Verweigerung der Abnahme

Im Hinblick auf die Pflicht des Verkäufers zur Verschaffung einer mangelfreien Kaufsache (§ 433 Abs. 1 Satz 2 BGB) ist der Käufer gemäß § 273 Abs. 1 BGB (§ 320 BGB greift insoweit nicht) berechtigt, die Abnahme der mangelhaften Sache zu verweigern, solange sie ihm nicht in mangelfreiem Zustand angeboten wurde.

Dieses Zurückbehaltungsrecht muss ausgeübt werden, wenngleich nicht ausdrücklich. Es kann auch stillschweigend ausgeübt werden, etwa indem der Käufer die Behebung des Mangels verlangt und erklärt, die Kaufsache zurückzuweisen.

Der BGH hat nun erstmals entschieden, dass der Käufer bei behebbaren Mängeln grundsätzlich ein Zurückbehaltungsrecht geltend machen kann, auch wenn die Mängel geringfügig sind. Auch bei geringfügigen Mängeln muss der Käufer also die Sache nicht abnehmen, sondern darf sie bis zur Beseitigung des Mangels zurückweisen.

Denn dadurch erhält der Käufer das erforderliche und nach der gesetzlichen Konzeption vorgesehene Druckmittel, um den Verkäufer zur ordnungsgemäßen Erfüllung des Kaufvertrages anzuhalten; der Verkäufer kann somit in aller Regel nicht verlangen, dass der Käufer die mit einem Mangel behaftete Sache zunächst annimmt, um sodann Sachmängelrechte geltend zu machen.

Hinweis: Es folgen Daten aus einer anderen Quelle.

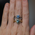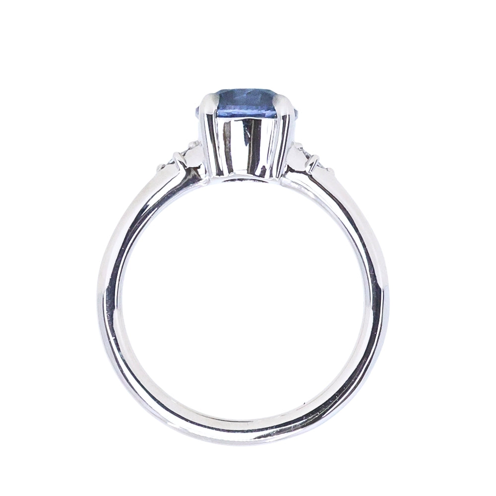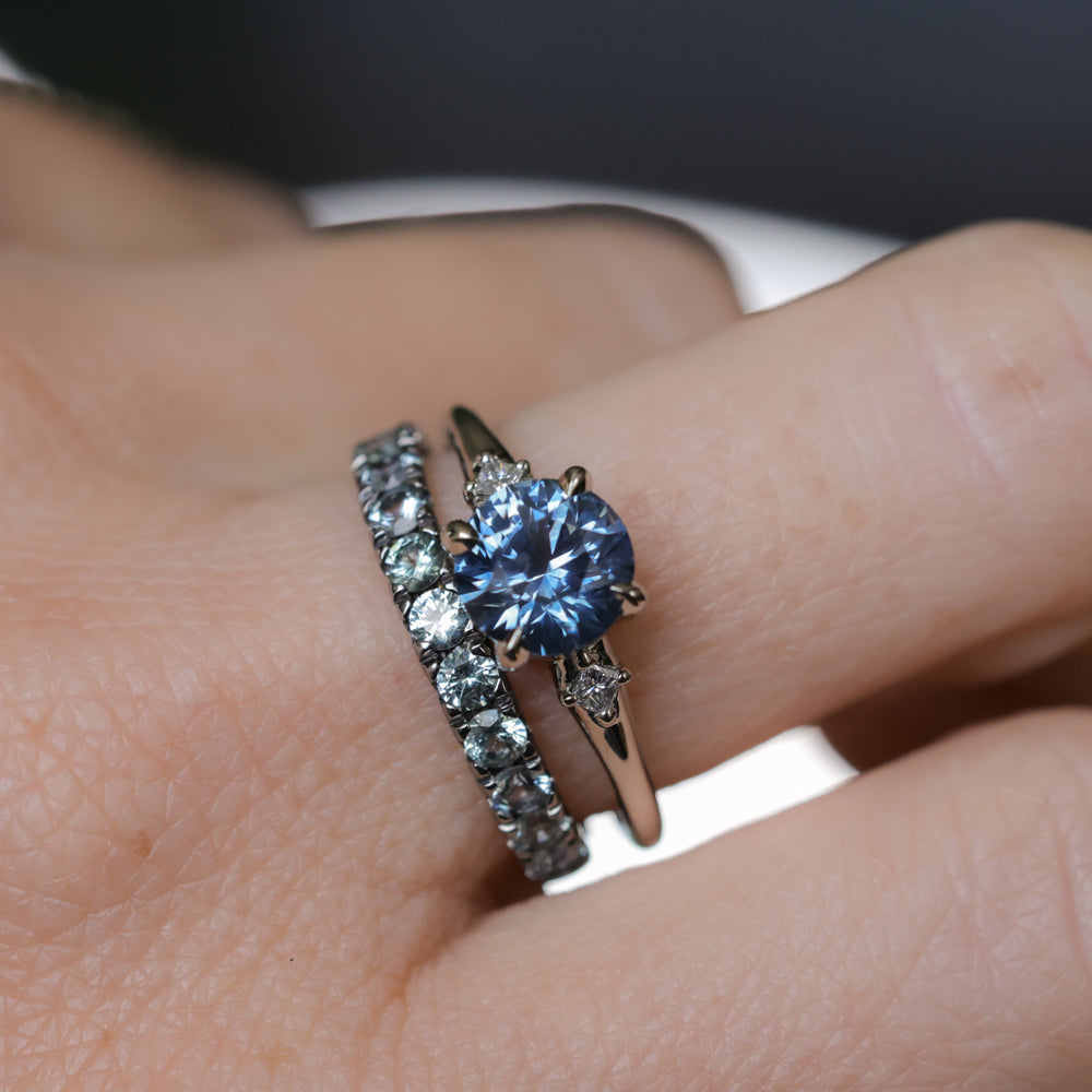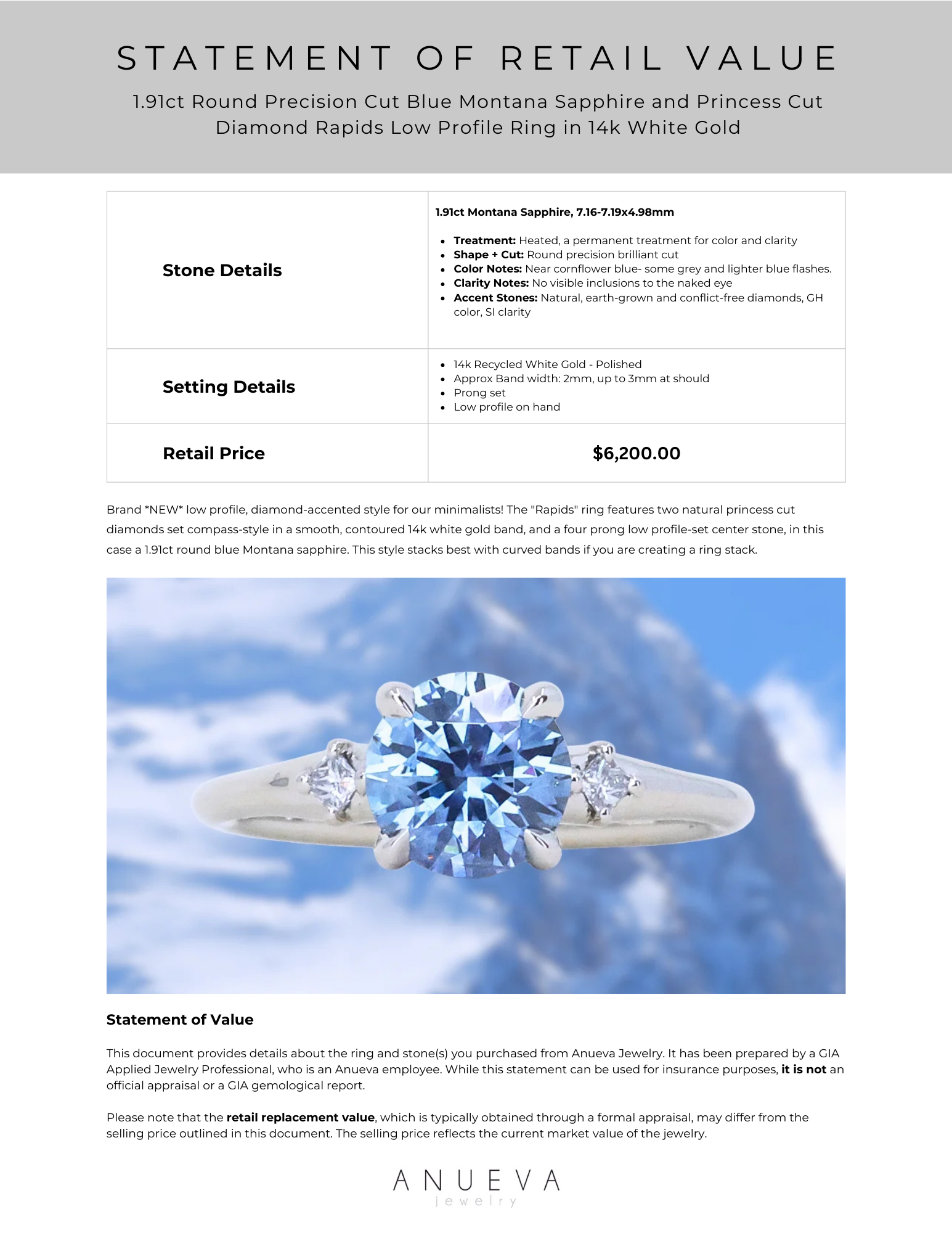 Brand *NEW* low profile, diamond-accented style for our minimalists! The "Rapids" ring features two natural princess cut diamonds set compass-style in a smooth, contoured 14k white gold band, and a four prong low profile-set center stone, in this case a 1.91ct round blue Montana sapphire. This style stacks best with curved bands if you are creating a ring stack.
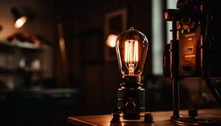 A vintage light bulb emits a warm glow, illuminating a laboratory workspace filled with scientific equipment, creating a cozy and inviting atmosphere.
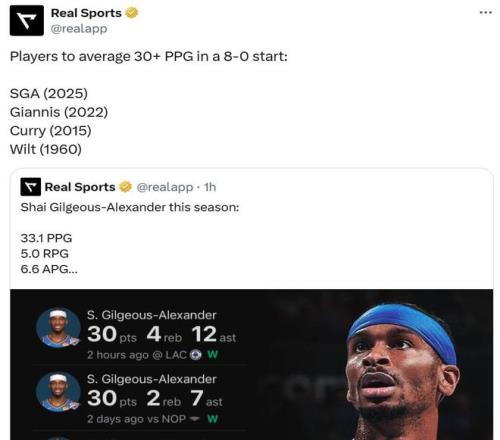 同时本场是亚历山大连续第80场拿到20+得分,超越大O独占历史第三,仅次于张伯伦的92场和126场。 这也是开季至今亚历山大傲人表现的缩影,新赛季至今亚历山大场均交出33.1分5板6.6助1断1.4帽,成为张伯伦(60-61)、库里(15-16)和字母哥(22-23)后第四位率队开季拿下8连胜同时场均交出30+得分表现的球员。

Dies unterscheidet also das Kaufvertragsrecht vom Werkvertragsrecht. Nach der werkvertraglichen Regelung des § 640 Abs. 1 Satz 2 BGB kann der Besteller die Abnahme des Werkes wegen unwesentlicher Mängel nicht verweigern. Die Abnahme eines Werkes darf also nur wegen mehr als geringfügiger Mängel versagt werden kann. Diese Regelung ist aber werkvertragsspezifisch auf den Schutz des Auftragnehmers ausgerichtet und kann auf das Kaufrecht auch nicht entsprechend angewendet werden.

Allerdings gilt auch im Kaufvertragsrecht das Verbot unzulässiger Rechtsausübung (§ 242 BGB), das es dem Käufer verbietet, die Abnahme in einer gegen Treu und Glauben verstoßenden Weise auszuüben.

Im Hinblick auf die Verpflichtung des Verkäufers zur Verschaffung einer von Sach- und Rechtsmängeln freien Sache (§ 433 Abs. 1 Satz 2 BGB) ist der Käufer bei behebbaren Mängeln, auch wenn sie geringfügig sind, grundsätzlich berechtigt, gemäß § 320 Abs. 1 BGB die Zahlung des (vollständigen) Kaufpreises und gemäß § 273 Abs. 1 BGB die Abnahme der gekauften Sache bis zur Beseitigung des Mangels zu verweigern, soweit sich nicht aus besonderen Umständen ergibt, dass das Zurückbehaltungsrecht in einer gegen Treu und Glauben (§ 242 BGB) verstoßenden Weise ausgeübt wird.